Caster Semenya wants to “open the way for young women so that they are not dehumanized”

This is a crucial step in the long fight of Caster Semenya, a hyperandrogenic athlete, who hopes to “open the way for young women” so that they are not “dehumanized and discriminated against”.

Deprived of competition due to particularly high testosterone levels, South African Caster Semenya, 33, pleaded her case again on Wednesday before the European Court of Human Rights (ECHR).

Double Olympic champion (2012, 2016) and triple world champion (2009, 2011 and 2017) in the 800m, Caster Semenya naturally produces a lot of male hormones (androgens).

“Harmful and unnecessary treatment”

Since 2018, World Athletics, the international athletics federation, has required hyperandrogenic athletes to lower their testosterone levels through hormonal treatment in order to be able to participate in international competitions in the women’s category. What Caster Semenya refuses, thus deprived of running her favorite distance.

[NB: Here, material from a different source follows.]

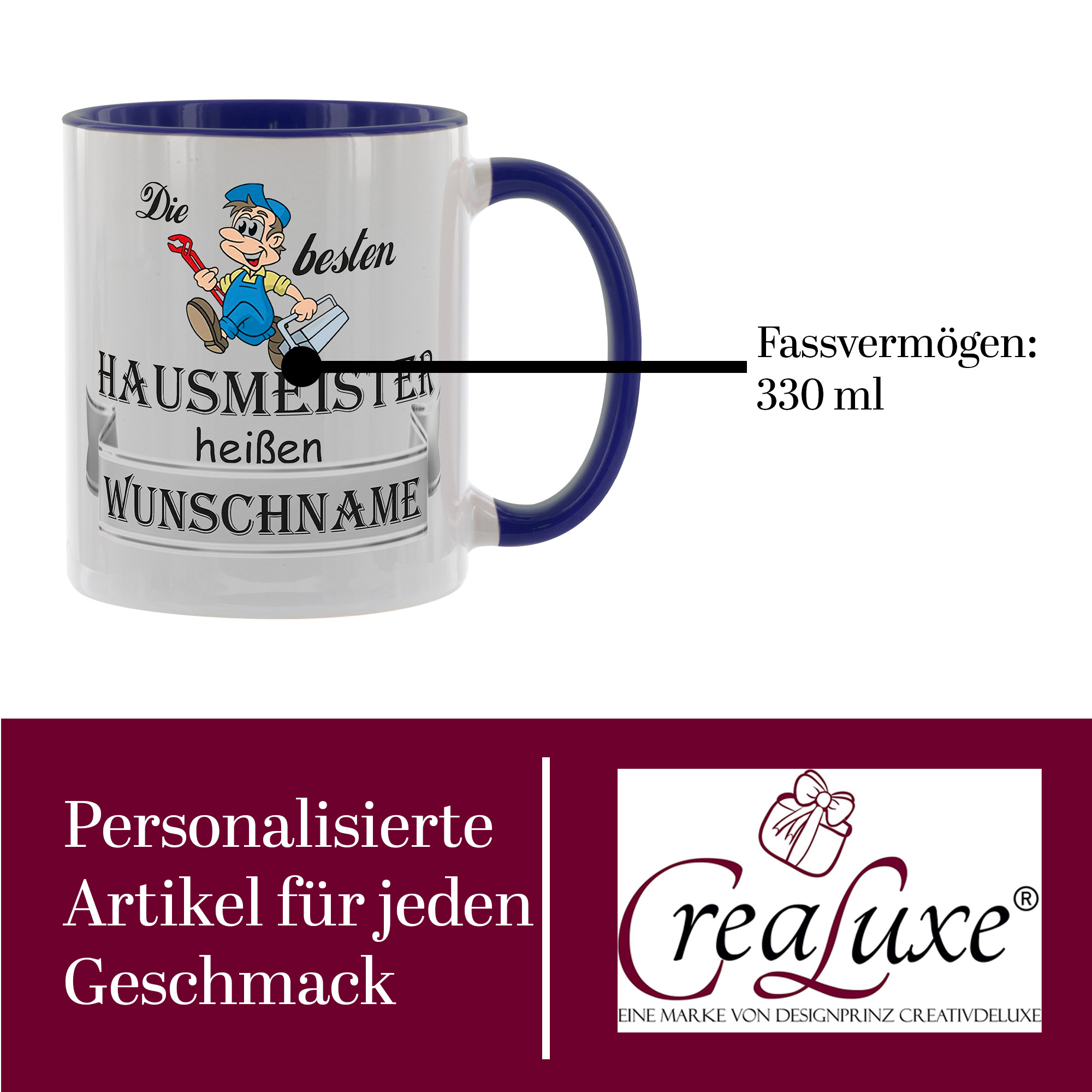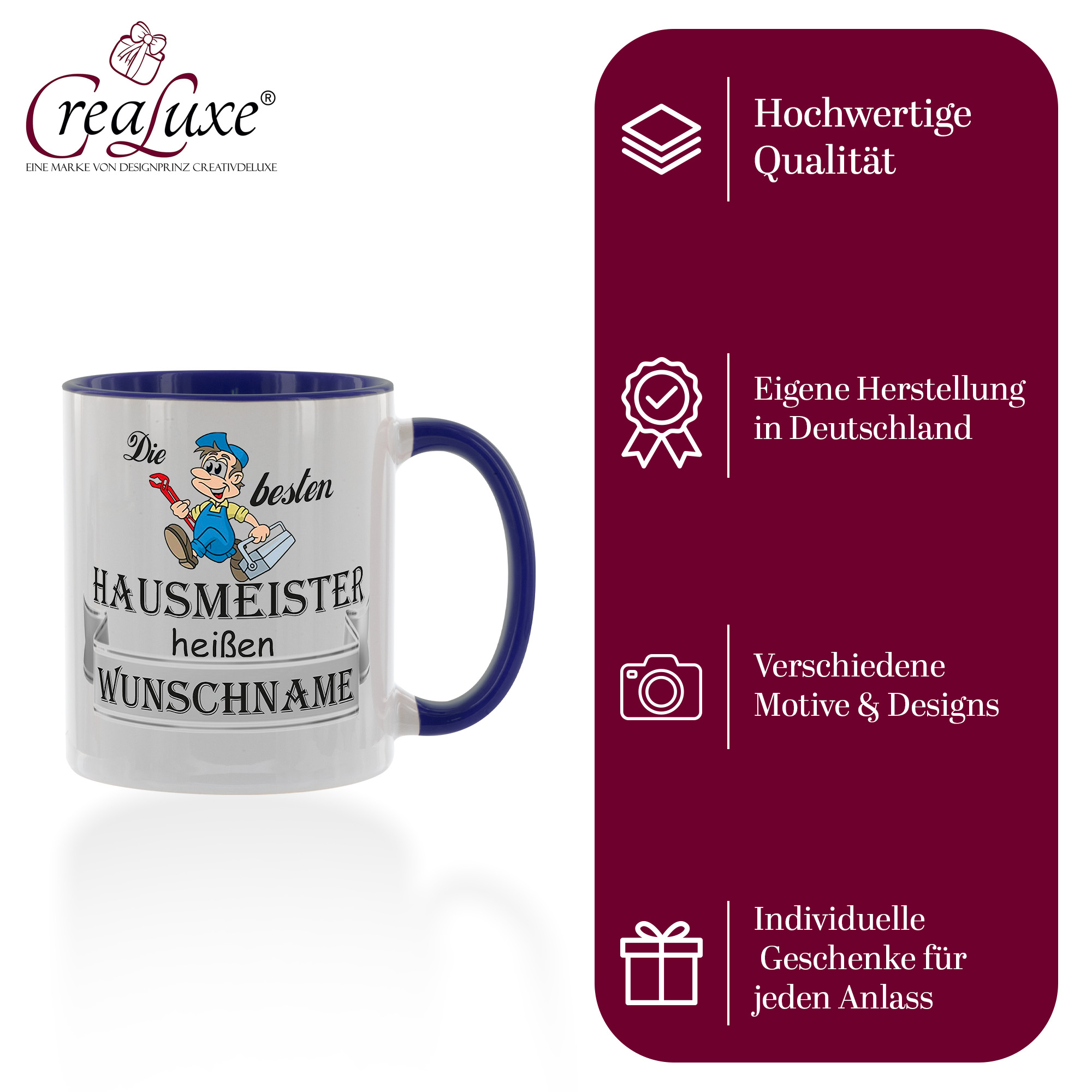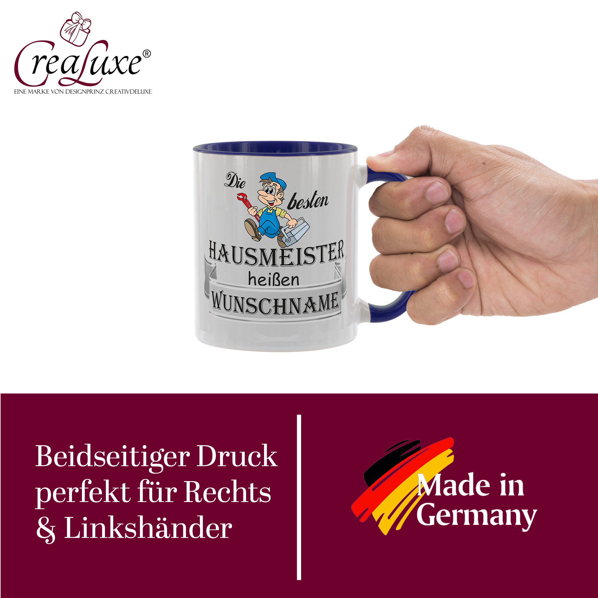 Crealuxe Kaffeetasse - Die besten Hausmeister heißen Wunschname - personalisiert, Spruchtasse, hochwertige Keramiktasse (Blau)

The South African had to choose between “safeguarding her personal integrity and dignity while being excluded from competition” or “undergoing harmful, unnecessary and supposedly corrective treatment,” said her lawyer, Schona Jolly. The lawyer repeated during the hearing that “Miss Semenya is a woman. At birth, she was assigned the female gender, legally and in fact.”

The athlete was banned from competition for eleven months and forced to undergo medical tests, the results of which remained secret, before finally being allowed to race again in July 2010.

“Discrimination” and “violation of privacy”

But in 2018, World Athletics regulations changed the situation. This regulation was validated the following year by the Court of Arbitration for Sport (based in Switzerland), then confirmed by the Federal Court of Lausanne, which in 2020 highlighted “the fairness of competitions” as a “cardinal principle of sport ”, on the grounds that a testosterone level comparable to that of men gives female athletes “an insurmountable advantage”.

The South African athlete’s appeals against these two decisions were rejected but she won her case before the ECHR on July 11, 2023. The court, which ensures compliance with the European Convention on Human Rights, found that Semenya had been the victim of discrimination and a violation of her privacy. However, the Swiss authorities, supported by World Athletics, referred the matter to the Grand Chamber of the ECHR, a sort of appeal body.

Decision in a few months

The Court’s decision, which will be final, “will have a profound impact on her personal and professional life, as well as on the lives and dignity of many other international sportswomen,” added Me Jolly.

“It’s not about my career, but about defending what is right, about raising the voice of those who cannot fight for themselves,” said Caster Semenya, who has not run since March 2023.

If the judgment rendered by the ECHR last summer constituted a first victory for Caster Semenya, it did not invalidate the World Athletics regulations. This long legal drama has an enormous financial cost for Caster Semenya, who launched an appeal for donations in February.